Conveniently, it is in one of the electromotive force U _EMF1, U _EMF2 parameter derived by an absolute value of the electromotive force U _EMF1, U _EMF2, a square value of the electromotive force U _EMF1, U _EMF2 or an effective value of the electromotive force U _EMF1, U _EMF2 , Accordingly, a control voltage can be applied to at least one of the voice coils and changed until

• an absolute value of the electromotive force U _{emf1 of} the first coil and an absolute value of the electromotive force U _{emf2 of} the second coil or
• a square _value of the electromotive force U _{emf1 of} the first coil and a square _value of the electromotive force U _{emf2 of} the second coil or
• an effective value of the electromotive force U _{emf1 of} the first coil and an effective value of the electromotive force U _{emf2 of} the second coil substantially reach a predetermined relationship. In this way, the deviation compensation method is based on a relation of the energy in the coils or due to the electromotive force on a relation of a parameter derived from the energy in the coils. In particular, if the predetermined relationship is a predetermined ratio, arithmetic operations can be performed on both the numerator and the denominator without changing the ratio.

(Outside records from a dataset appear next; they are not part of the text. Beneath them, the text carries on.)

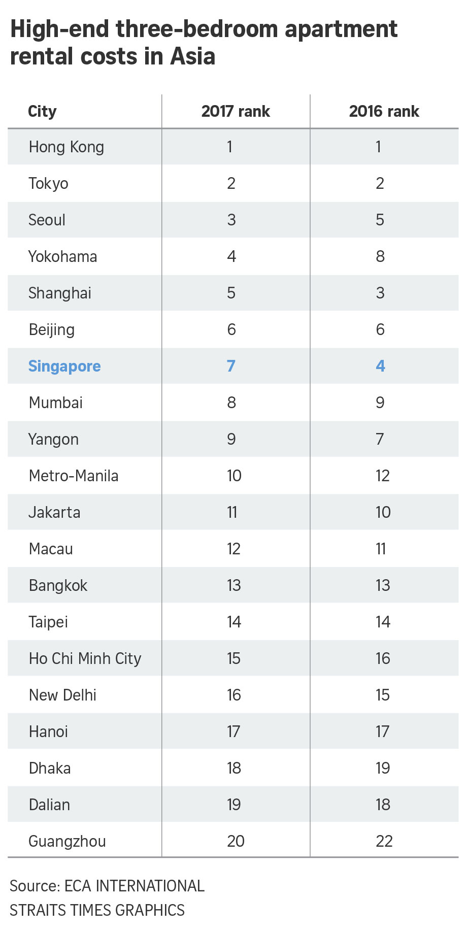 SINGAPORE - Singapore is the 7th most expensive location in Asia for high-end rental homes this year, falling from 4th position last year.
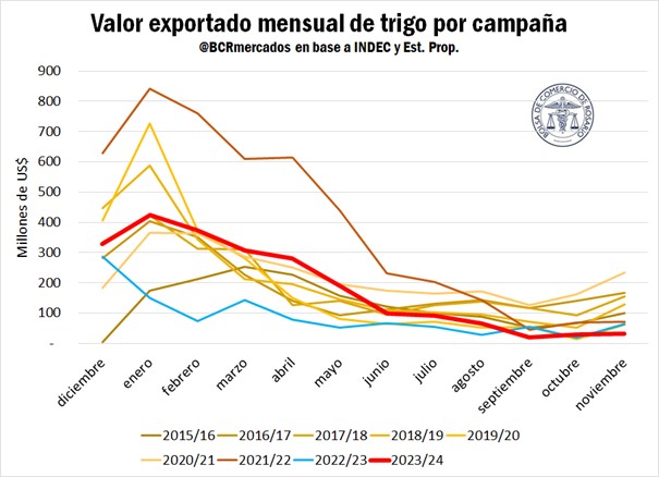 Por otra parte, ante la escasez de reservas que hoy presenta el BCRA, mucho se ha hablado del “puente” que puede tender la fina (el trigo en particular) hasta que comiencen a ingresar los dólares de la nueva cosecha gruesa en abril-mayo del próximo año. En el siguiente gráfico se presenta el valor exportado mensual de trigo por campaña y la proyección para la 2023/24.
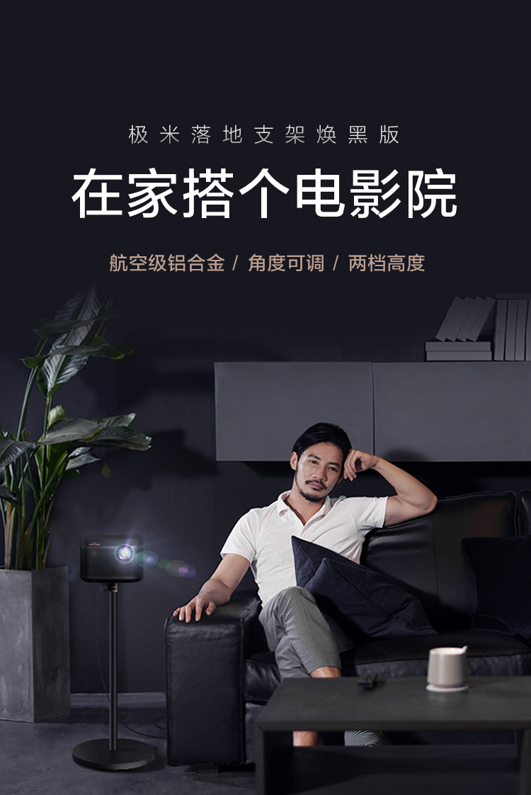 极米 (XGIMI )落地支架 焕黑版(F063S)投影机专用(大底盘更稳固 360°角度可调)更多适配咨询客服
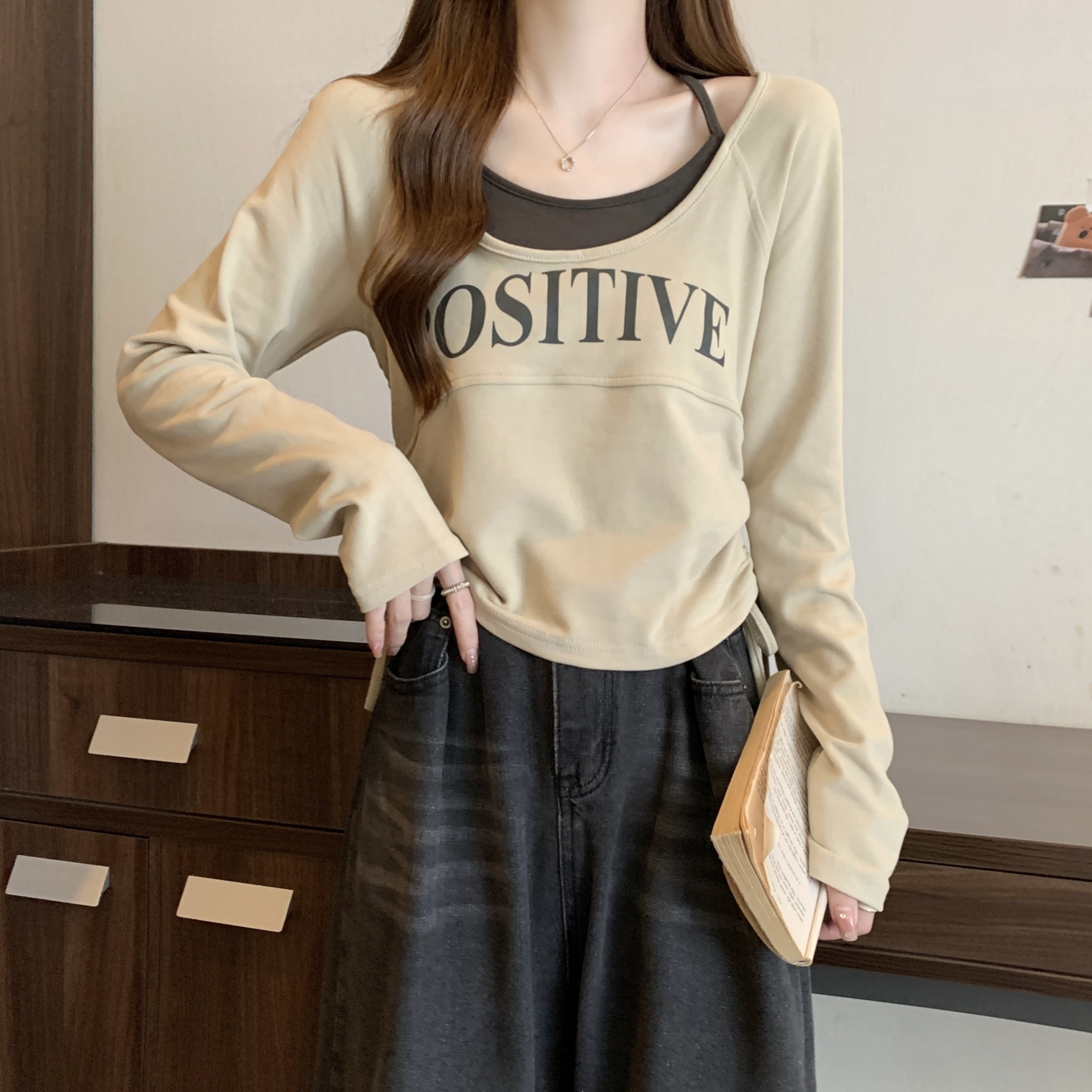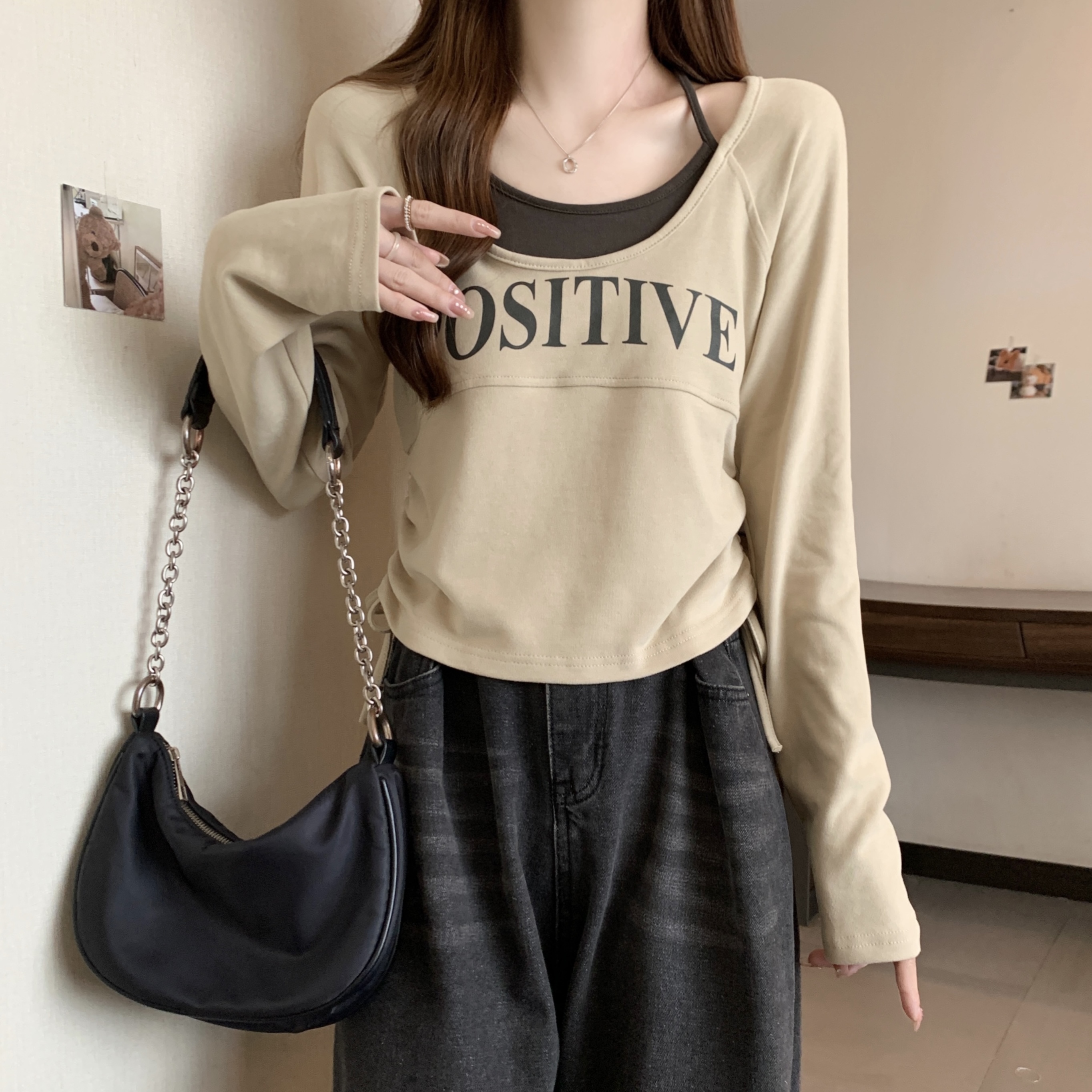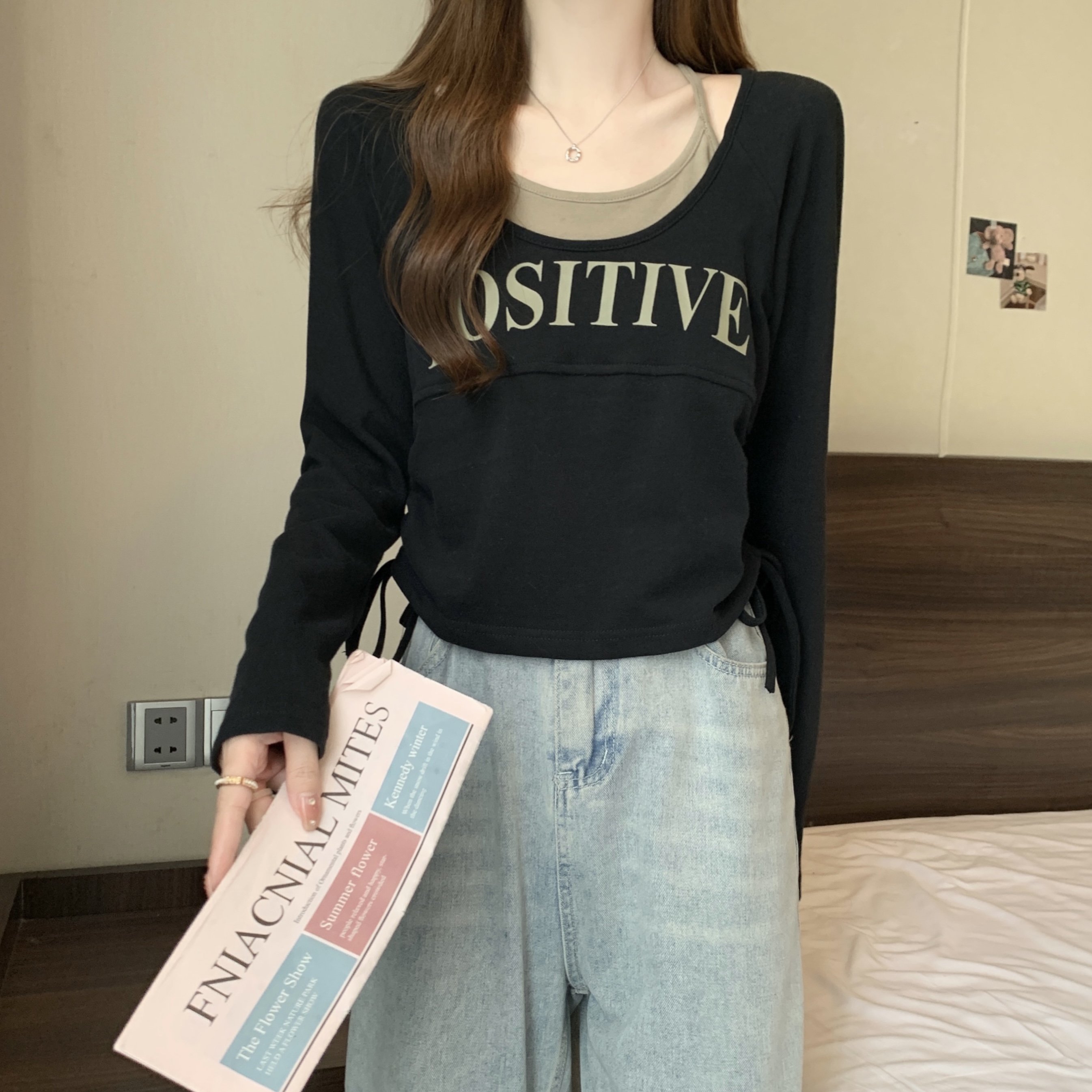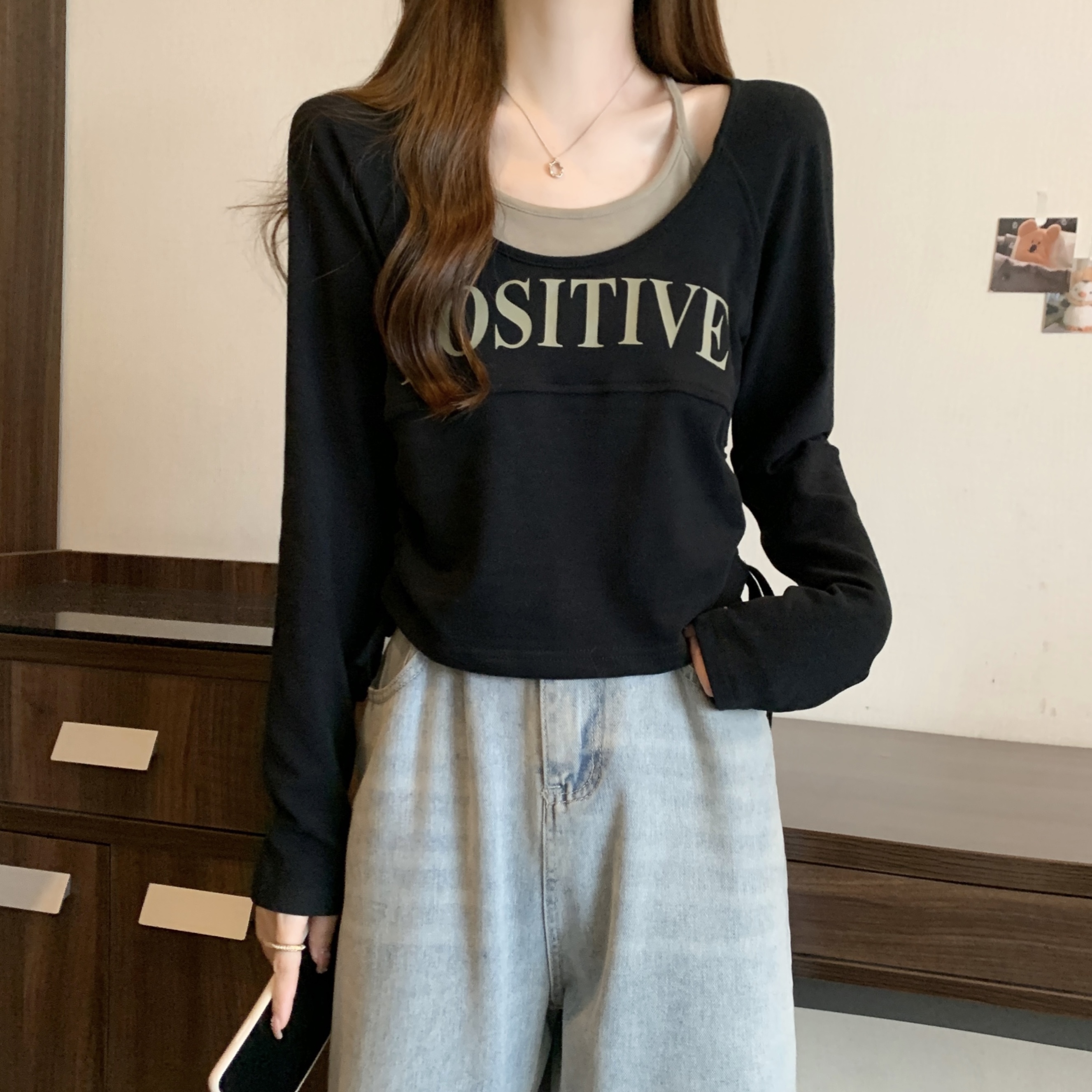 PF1595#大码2024春季新款设计感圆领假两件抽绳字母印花T恤显瘦上衣
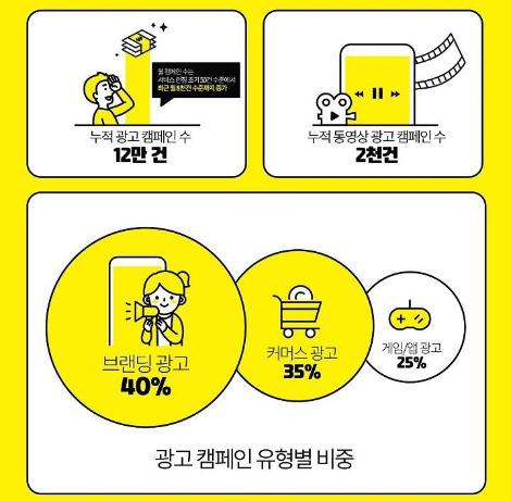 "캐시슬라이드"는 5년 넘게 운영된 서비스인 만큼 독보적인 기록들을 보유하고 있다. 누적 광고 캠페인 수는 서비스 론칭 초기 50건 수준에서 월 8천 건 수준까지 증가해서 누적으로 12만 건이 넘는다. 이중 브랜딩 광고가 40%, 커머스 광고가 35%를 차지하며 일반적인 메인스트림 광고시장 내 구성비율과 크게 다르지 않아 보인다.
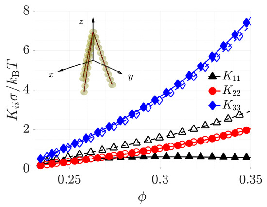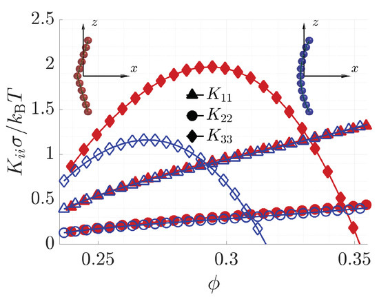 Elastic constants as a function of the volume fraction , for a nematic phase formed by obtuse angle V-shaped particles with a bend angle , red full symbols, and by the curved particles as shown in Figure 2c, blue empty symbols. (For the latter system, the scale is different from the one in Figure 1a of [37], since in that case, the volume fraction was calculated as .)

In a particularly advantageous embodiment, a control voltage is applied to at least one of the voice coils and changed until the low-pass filtered electromotive force U _{emf1 of} the first coil / a parameter derived therefrom and the low-pass filtered electromotive force U _{emf2 of} the second coil this derived parameter can essentially achieve a predetermined relationship. In other words, the control voltage is applied to at least one of the voice coils and changed until the electromotive force filtered by a first filter U _emf1 the first coil / a derived parameter and the filtered by the first filter electromotive force U _emf2 the second coil / the derived parameters essentially achieve a predetermined relationship. Or, a control voltage is applied to at least one of the voice coils and changed until the electromotive force U _{emf1 of} the first coil / a parameter derived therefrom and the electromotive force U _{emf2 of} the second coil / the parameter derived therefrom substantially have a predetermined relationship reach below a certain frequency. Specifically, in a first step in the entire audio _band, the electromotive forces U _emf1 and U _emf2 / can be determined from these derived parameters, in a second step the energy of the electromotive forces U _emf1 and U _emf2 or a parameter thereof can be determined, and in In a third step, the result of the second step may be low-pass filtered by a filter before the signals obtained in the third step are used to apply the control voltage. In normal use, signals comprising multiple frequencies are fed to a converter, for example, these may be in the range of 100 Hz to 20 kHz for a microspeaker and in the range of 20 Hz to 20 kHz for other loudspeakers. Without limiting the disclosed offset compensation method to low frequencies, eg, using a low pass filter, the application of the control voltage may negate the conversion of the applied signal. The cutoff frequency of such a first filter may be 50 Hz for a microspeaker and 10 Hz for other loudspeakers. Other preferred values are 20 Hz for a microspeaker and 5 Hz for other speakers.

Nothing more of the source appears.